◆ EXERCISE OBJECTIVE ◆
Return all of the entries below, word for word. Omit each picture.

** Opening INFORMATION block **

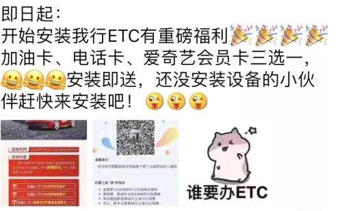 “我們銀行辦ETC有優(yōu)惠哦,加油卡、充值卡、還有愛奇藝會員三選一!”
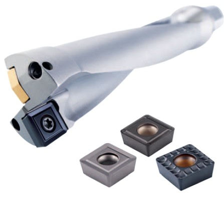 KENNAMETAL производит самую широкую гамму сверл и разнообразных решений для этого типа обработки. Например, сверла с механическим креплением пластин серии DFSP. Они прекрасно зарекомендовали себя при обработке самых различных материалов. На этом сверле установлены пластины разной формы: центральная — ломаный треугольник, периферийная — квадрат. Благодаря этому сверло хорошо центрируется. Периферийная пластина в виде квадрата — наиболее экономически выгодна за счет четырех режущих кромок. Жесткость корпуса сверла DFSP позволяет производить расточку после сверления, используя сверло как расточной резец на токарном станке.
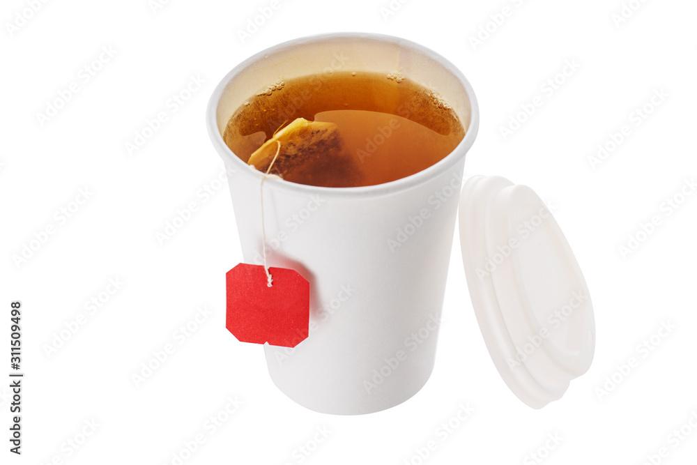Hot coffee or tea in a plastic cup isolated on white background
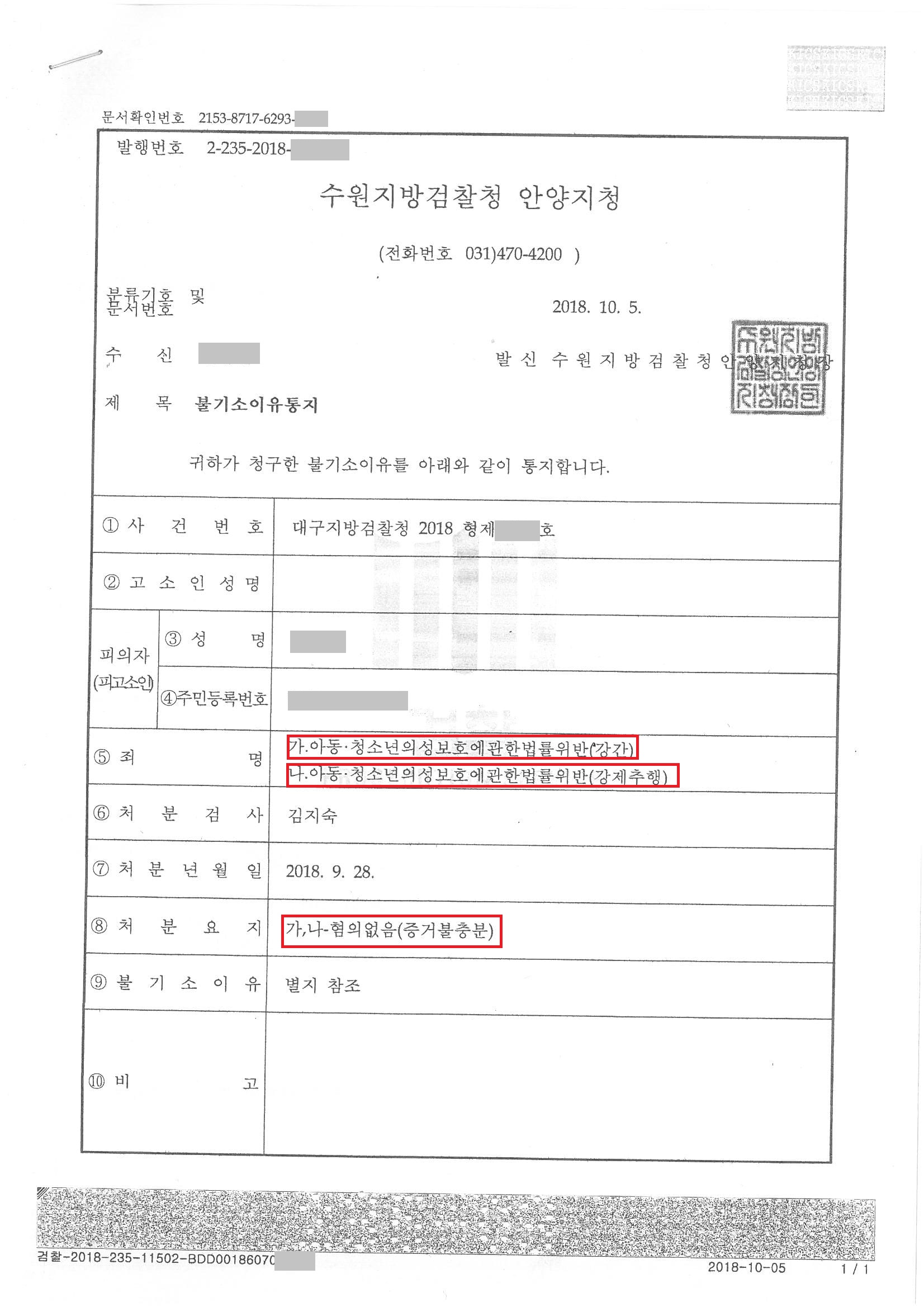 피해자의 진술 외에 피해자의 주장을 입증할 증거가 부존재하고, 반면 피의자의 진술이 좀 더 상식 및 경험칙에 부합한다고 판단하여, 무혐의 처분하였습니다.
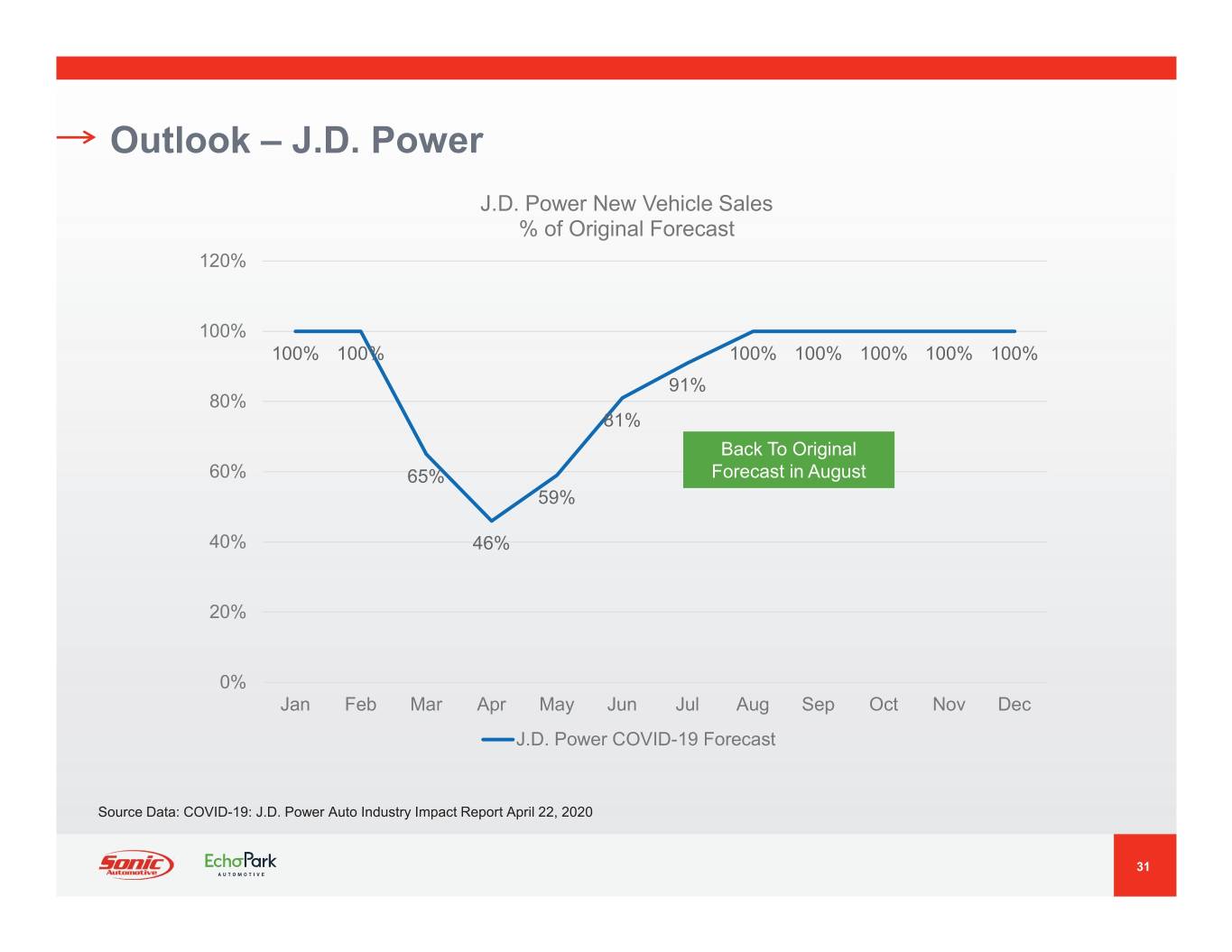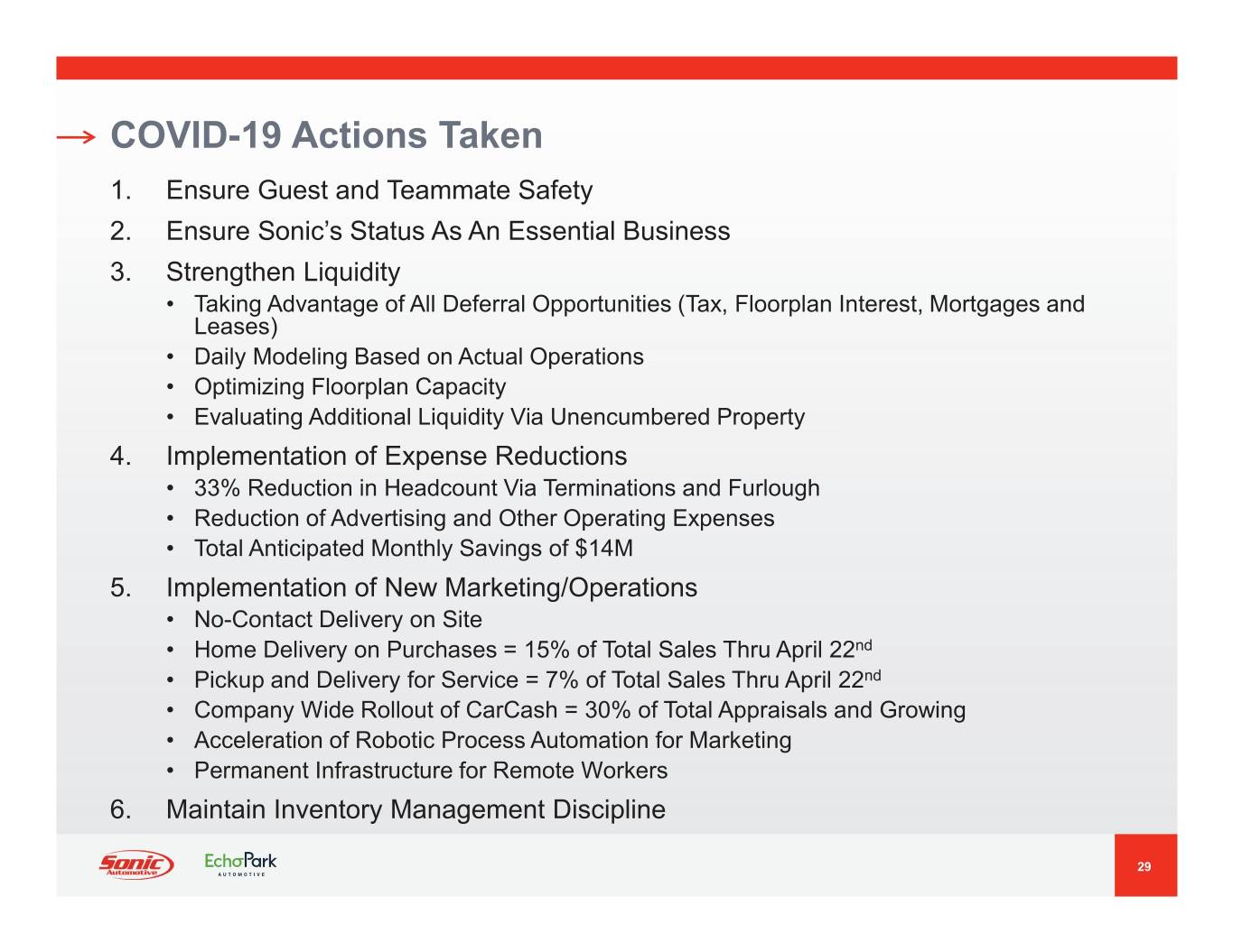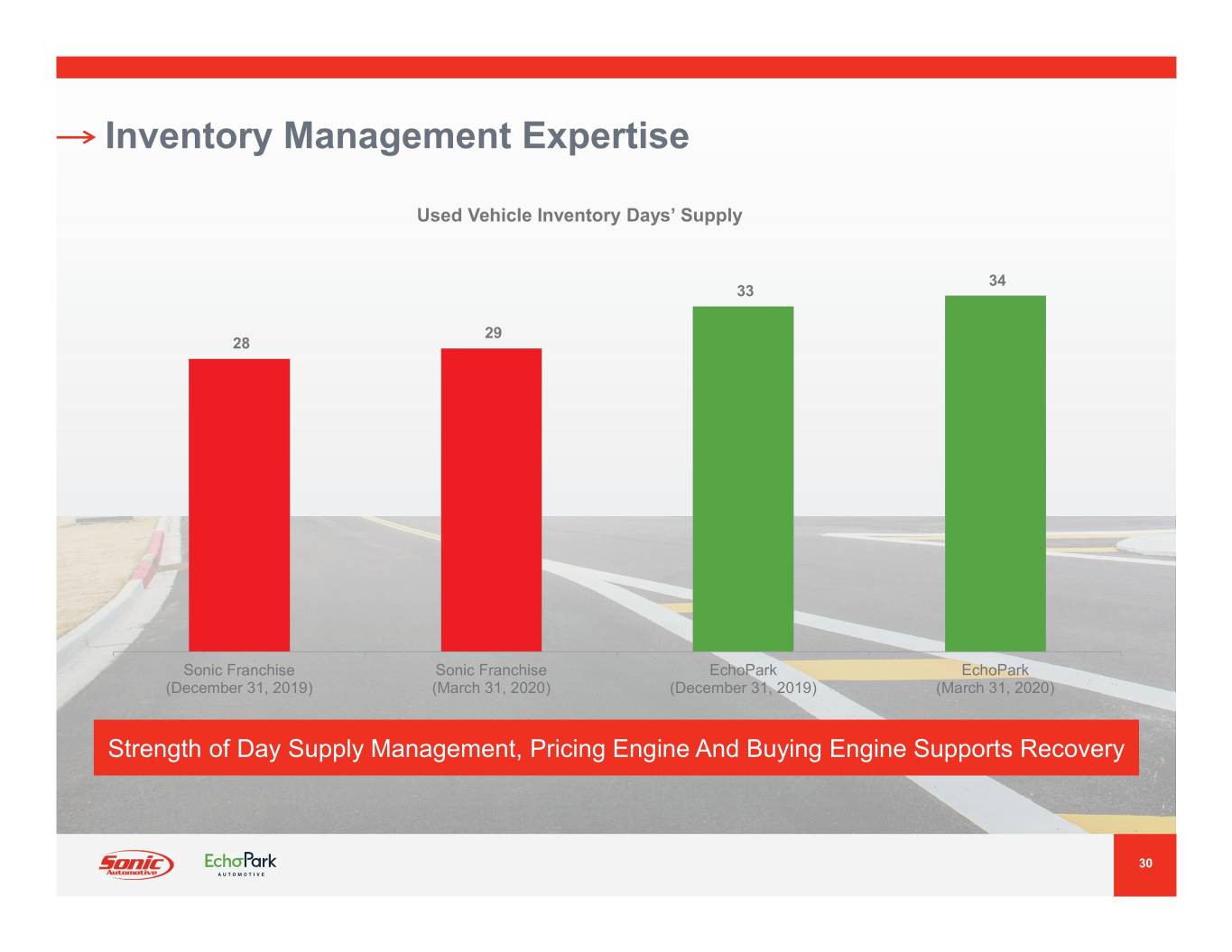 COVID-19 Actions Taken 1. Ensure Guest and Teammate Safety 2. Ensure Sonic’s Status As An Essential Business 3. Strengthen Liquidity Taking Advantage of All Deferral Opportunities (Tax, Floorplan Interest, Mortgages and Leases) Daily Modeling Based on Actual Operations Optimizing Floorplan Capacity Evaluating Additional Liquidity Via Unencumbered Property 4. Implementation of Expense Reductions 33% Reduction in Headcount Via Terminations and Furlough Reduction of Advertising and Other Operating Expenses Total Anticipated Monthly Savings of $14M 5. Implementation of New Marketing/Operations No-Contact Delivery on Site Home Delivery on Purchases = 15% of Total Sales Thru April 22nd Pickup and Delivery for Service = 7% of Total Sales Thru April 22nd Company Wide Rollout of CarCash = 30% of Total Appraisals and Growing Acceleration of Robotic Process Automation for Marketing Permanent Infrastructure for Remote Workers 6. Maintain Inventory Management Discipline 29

** Closing INFORMATION block **

◆ SOLUTION TO THIS PROBLEM ◆
 “我們銀行辦ETC有優(yōu)惠哦,加油卡、充值卡、還有愛奇藝會員三選一!”
 KENNAMETAL производит самую широкую гамму сверл и разнообразных решений для этого типа обработки. Например, сверла с механическим креплением пластин серии DFSP. Они прекрасно зарекомендовали себя при обработке самых различных материалов. На этом сверле установлены пластины разной формы: центральная — ломаный треугольник, периферийная — квадрат. Благодаря этому сверло хорошо центрируется. Периферийная пластина в виде квадрата — наиболее экономически выгодна за счет четырех режущих кромок. Жесткость корпуса сверла DFSP позволяет производить расточку после сверления, используя сверло как расточной резец на токарном станке.
Hot coffee or tea in a plastic cup isolated on white background
 피해자의 진술 외에 피해자의 주장을 입증할 증거가 부존재하고, 반면 피의자의 진술이 좀 더 상식 및 경험칙에 부합한다고 판단하여, 무혐의 처분하였습니다.
 COVID-19 Actions Taken 1. Ensure Guest and Teammate Safety 2. Ensure Sonic’s Status As An Essential Business 3. Strengthen Liquidity Taking Advantage of All Deferral Opportunities (Tax, Floorplan Interest, Mortgages and Leases) Daily Modeling Based on Actual Operations Optimizing Floorplan Capacity Evaluating Additional Liquidity Via Unencumbered Property 4. Implementation of Expense Reductions 33% Reduction in Headcount Via Terminations and Furlough Reduction of Advertising and Other Operating Expenses Total Anticipated Monthly Savings of $14M 5. Implementation of New Marketing/Operations No-Contact Delivery on Site Home Delivery on Purchases = 15% of Total Sales Thru April 22nd Pickup and Delivery for Service = 7% of Total Sales Thru April 22nd Company Wide Rollout of CarCash = 30% of Total Appraisals and Growing Acceleration of Robotic Process Automation for Marketing Permanent Infrastructure for Remote Workers 6. Maintain Inventory Management Discipline 29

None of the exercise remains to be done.